許清簡快步跟在他身側半步,忍了一路,終究還是冇忍住,壓低聲音問道:「師兄,去皮造殿是準備做什麼?」
「不知道。」顏煙聳了聳肩,語氣隨意得很,目光卻掃過山道上三三兩兩聚在一起、神色亢奮的弟子,「隻是看看最近這些天,皮影宗到底發生了什麼事。」
許清簡聞言一愣,隨即反應過來。
顏煙離開的這幾日,製皮峰乃至整個外門都因為沈雁擇婿的事鬨得沸沸揚揚,顏煙剛回來,自然是什麼都不知道。
她猶豫了一下,又往前湊了半步,聲音壓得更低了些:「那師兄特意打聽沈雁,是之前與她有什麼交集嗎?」
話音剛落,顏煙回想起一些不好的過往,臉色沉了下來:「不該問的別問。」
顏煙丟下這句話,便再次抬步往前走去,周身的氣息冷了不止一個度。
「這兩人有一腿吧。」
許清簡雙眼微眯,默默吐槽了一句。
一路穿過製皮峰的山道,越往皮造殿的方向走,路上的弟子就越多。
這些人大多身著嶄新的錦袍,腰間掛著精緻的儲物袋,一個個神色亢奮,三三兩兩地交頭接耳,話題無一例外都繞著「沈師姐」、「峰主擇婿」這幾個詞打轉。
等走到皮造殿門前,顏煙的眉頭微微蹙了起來。
眼前的皮造殿,與他前幾日來時的肅殺截然不同。
殿門前的空地上,停滿了各式各樣的野獸皮影,神駿的皮影馬、靈動的皮影鹿,甚至還有幾頭身形魁梧的皮影巨熊。

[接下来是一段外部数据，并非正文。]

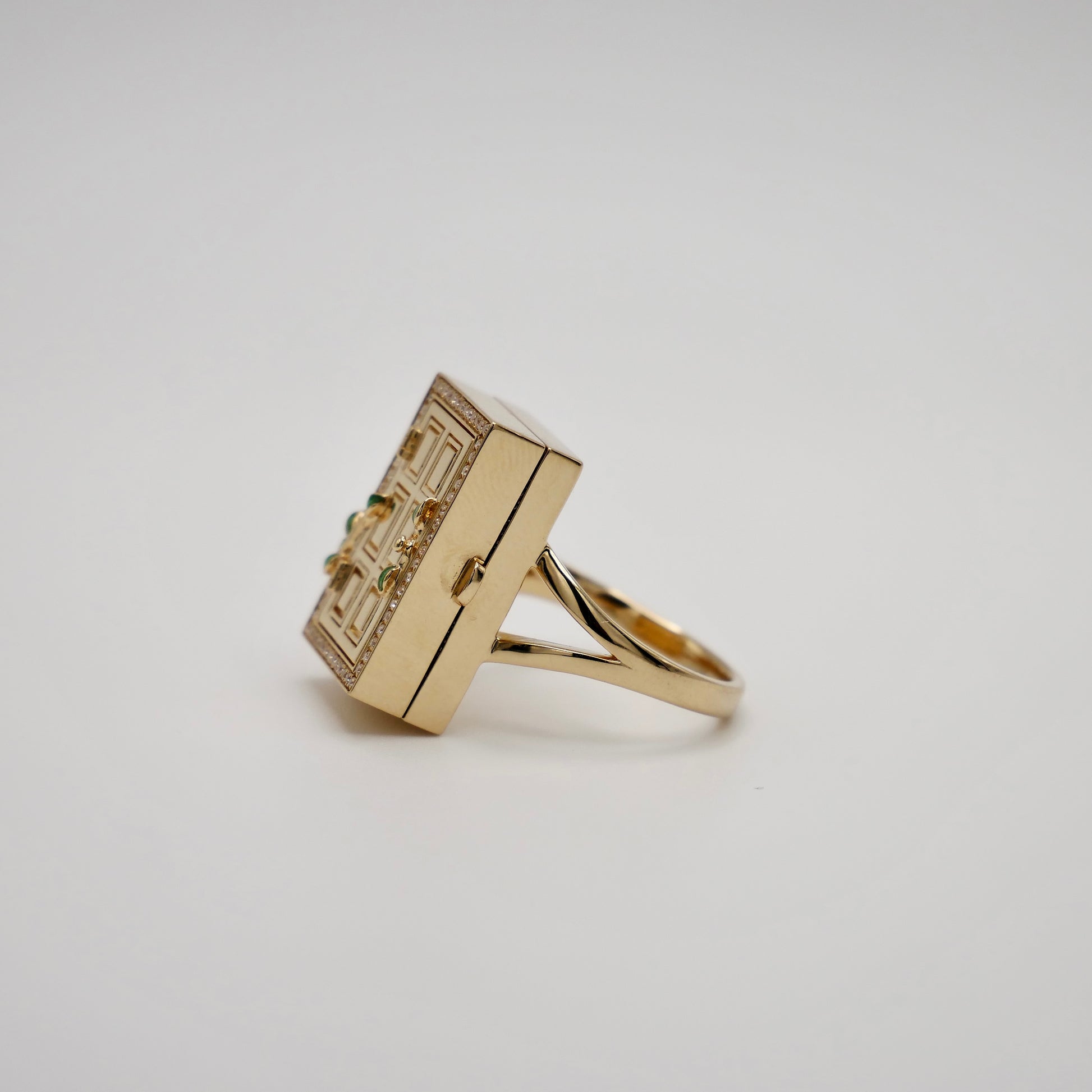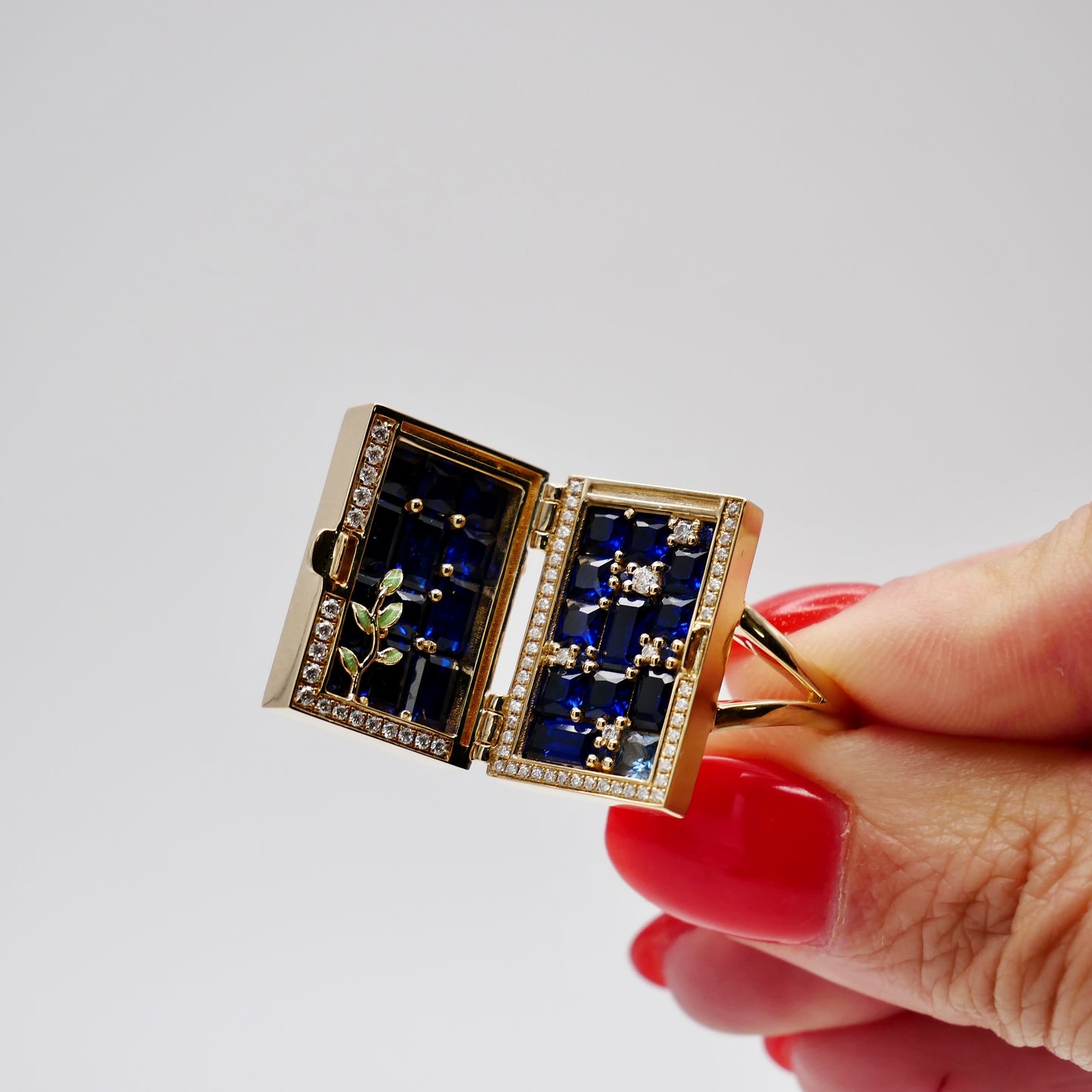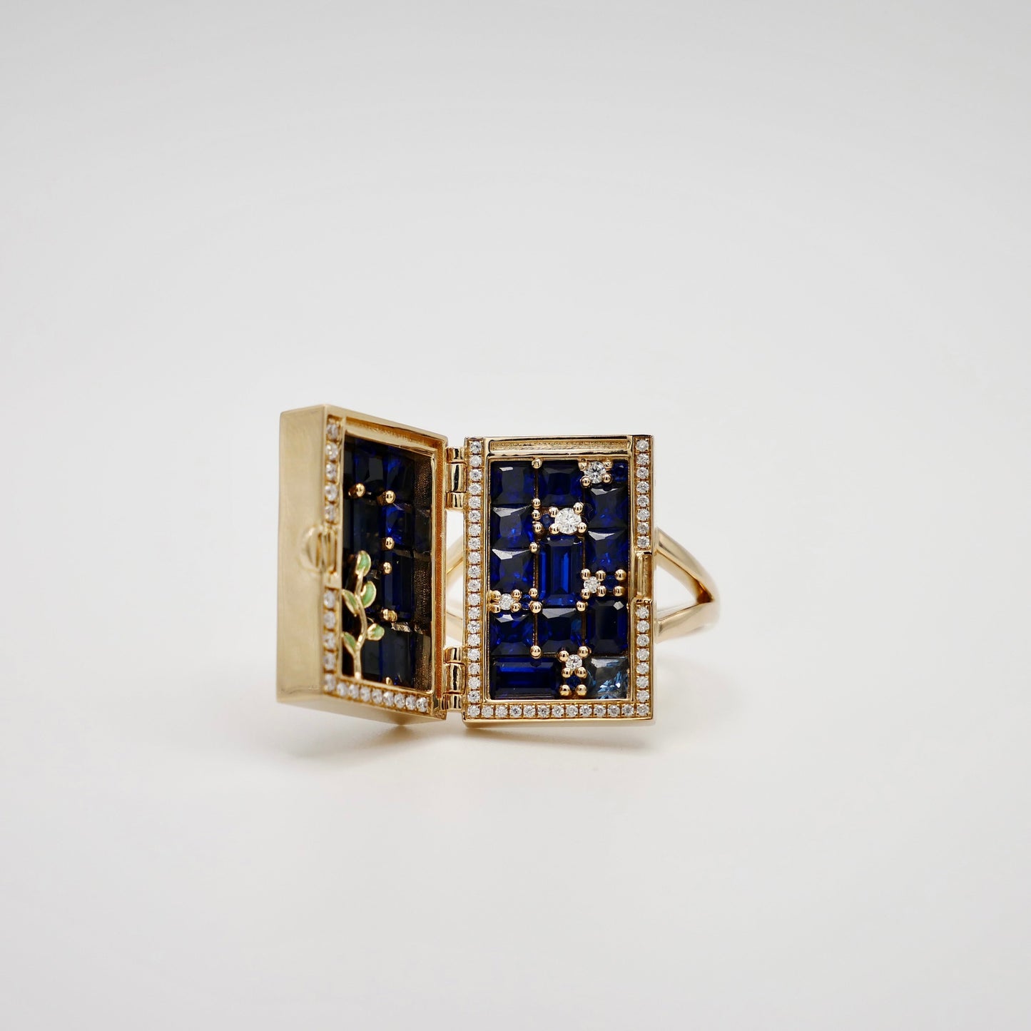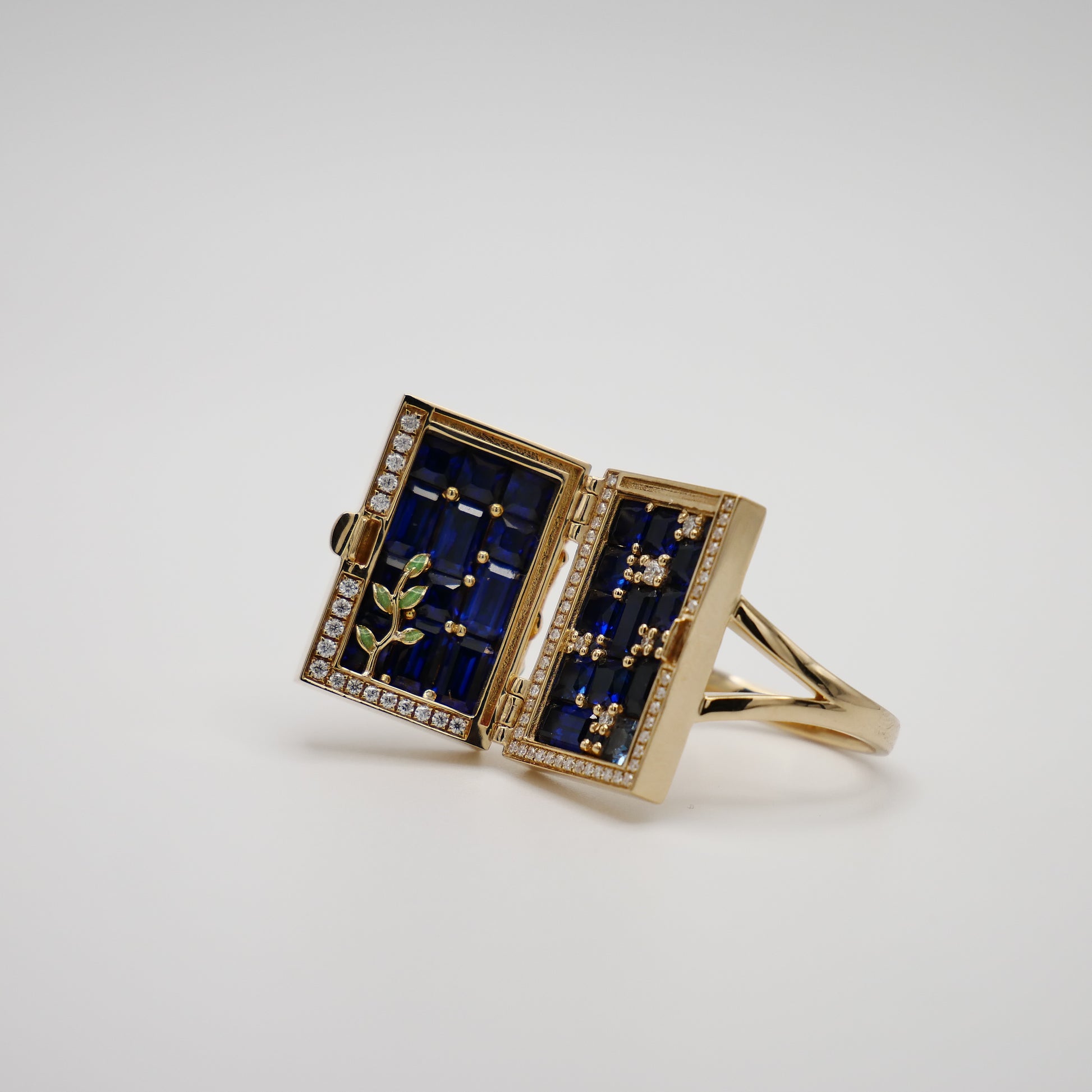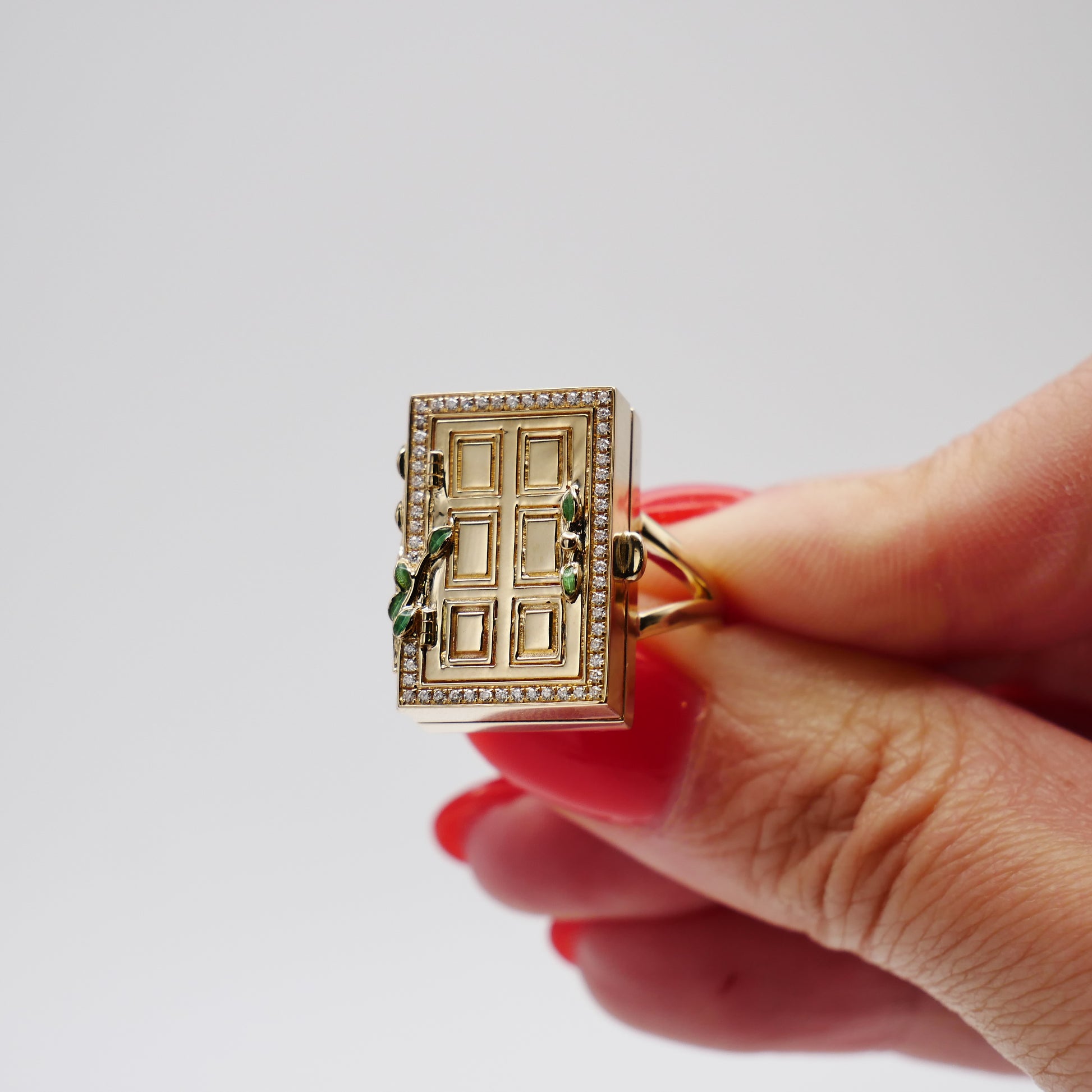 Unlock a world of enchantment with our 14K yellow gold ring, inspired by the mystical door from the beloved tale of Suzume no Tojimari. This exquisitely crafted piece features a delicate door motif, surrounded by a frame of sparkling pave moissanites that capture the light with every movement. Green enameled leaves gracefully climb up the door, adding a touch of nature-inspired beauty to the design. Intriguingly, the door opens to reveal a hidden treasure: a stunning array of lab-grown sapphires and moissanites, arranged to dazzle and delight.

個個雕工精細,靈氣充沛,把本就不算寬敞的殿門前擠得水泄不通。
「怎麼回事?難不成是因為沈雁……」
顏煙掃過那些形態各異的皮影坐騎,眼底閃過一絲異樣。
許清簡順著他的目光看過去,臉上露出幾分瞭然,輕聲解釋道:
「應該都是為了沈師姐擇婿的事來的。這些人大多是外門各峰的弟子,甚至還有內門邊緣的弟子。」
顏煙摸著下巴,眼底閃過一絲思索。
製皮峰的峰主的女兒,搞出這麼大的陣仗,到底是想乾什麼?
可乾想冇有任何作用,他抬步邁上台階,穿過熙熙攘攘的人群,徑直走進了皮造殿。
殿內比門外還要熱鬨數倍。
原本分隔開的櫃檯被撤去了大半,空出了偌大的場地,兩側擺滿了各式各樣的錦盒,裡麵裝的都是各色天材地寶,靈氣四溢。
而之前那個鬚髮花白、脾氣暴躁,整日靠在太師椅上喝酒,對誰都愛答不理的老執事。
此刻正穿著一身嶄新的錦袍,滿臉堆笑地站在大殿正中央,對著前來獻彩禮的弟子們噓寒問暖。
他身後立著一塊一人高的黑木牌,上麵用猩紅的顏料寫著幾行大字,筆鋒淩厲,透著魔門特有的張揚:
【彩禮繳納處】
【主收天材地寶】
【峰主親鑒,唯以彩禮論誠心,以實力定去留,擇最優者為沈家良婿】
木牌的下方,還標註著天材地寶的品級劃分,從最低的十年份起步,往上依次是百年、千年、萬年、十萬年,甚至還有一行標註著傳說中的百萬年靈藥,字跡格外醒目。
「嗬,這未免也太假了。」顏煙扯了扯嘴角,低聲嗤笑了一聲。
明眼人都看得出來,這哪裡是擇婿,分明是借著這個由頭,光明正大地斂財。
「我看未必。」
許清簡站在他身側,壓低聲音解釋道,「前幾日有個煉骨峰的師兄,鏈氣四層的修為,獻上了一株千年份的血靈參,當時就被峰主看中了,點名要留作備選。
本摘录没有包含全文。